Nothing is funnier than guys with T11,000 getting a T2,000 rebuy, doubling their entry fee to nowhere near double their chances of winning.

Hope that helps, again, it's not really scientific, but it seems to make sense to me.

M.

Greg (FossilMan)
01-27-2003, 03:16 PM
Moose wrote:
"* Take the add-on if the chips you can buy are worth about as much as you have on a "real dollar vs. tourney dollar" basis.
...
Nothing is funnier than guys with T11,000 getting a T2,000 rebuy, doubling their entry fee to nowhere near double their chances of winning."

You don't need to double your chances to make the add-on a monetarily correct play.
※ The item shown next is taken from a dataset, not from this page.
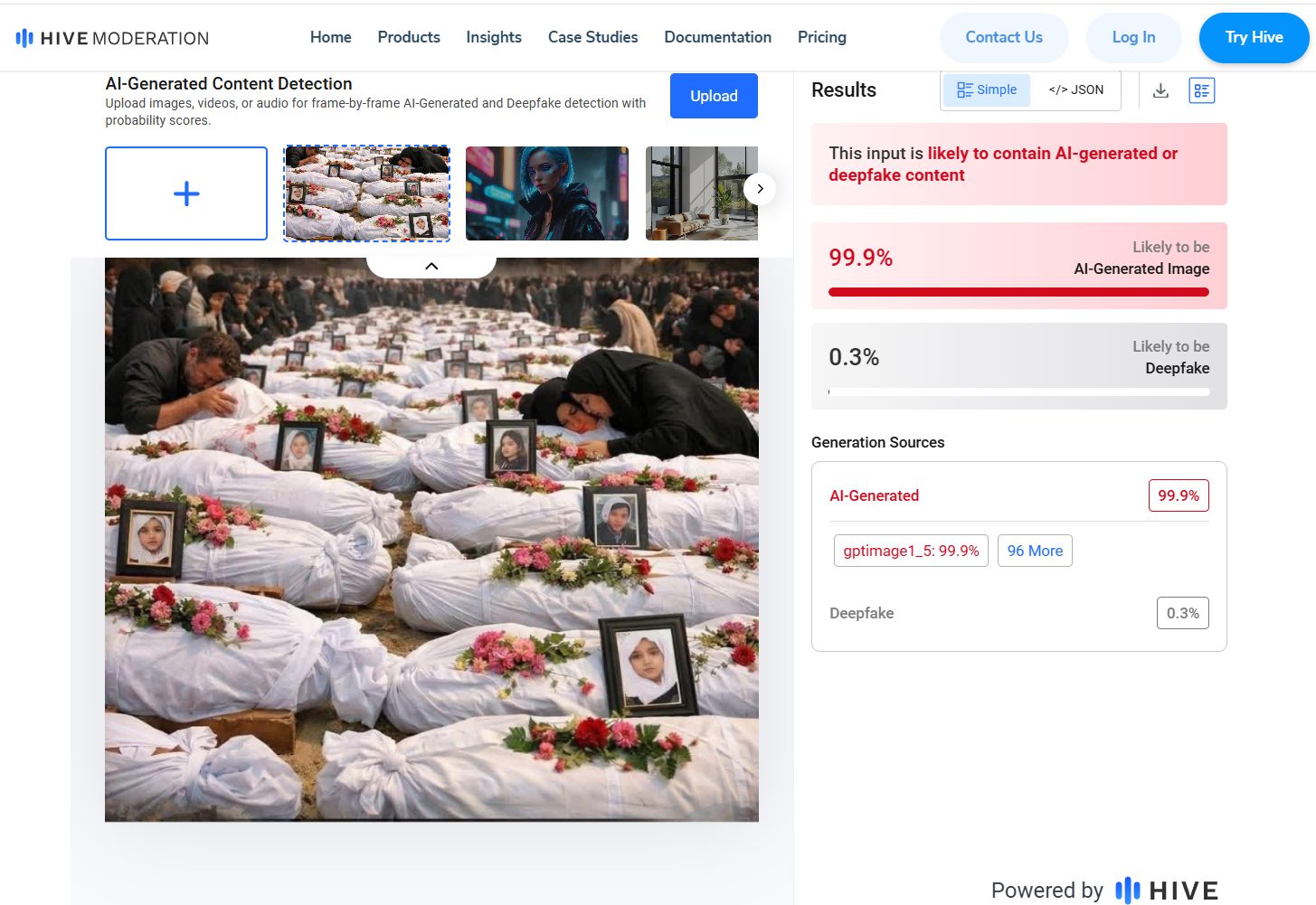 To further substantiate our findings, we scanned the picture using the AI detection tool Hive Moderation, which indicated that the image was 99% AI-generated.

Let's say you paid $100 for T100 in chips. You played well, got lucky, whatever, and now have T400. You can pay another $100 and get T200 more. Why wouldn't you take this add-on? If everyone else takes the add-on, then the average value of each chip in this event is going to be just about 66 cents per T1 chip. Yet, with this add-on, you can pay $100 and get about $132 worth of chips. If you are exactly average in expecation as compared to the field, it seems to me like you're making $32 with this add-on.

In other words, the issue isn't the size of your stack and what you paid for it (as compared to the size of the add-on and it's cost). The issue is how much must you pay for the add-on, and how much will that add-on increase the value of your stack?

A stock trader friend of mine was hard to convince. To him, ROI is the thing, and he knew that this add-on would significantly decrease his ROI. My reply was essentially who cares? In poker, your concern shouldn't really be ROI, but merely total R(eturn). I mean, if you don't put that $100 into this tournament, it's not like it will be sitting in a money market fund earning interest. It's in your pocket, earning nothing. So go ahead and rebuy/add-on if the buy has +EV at all.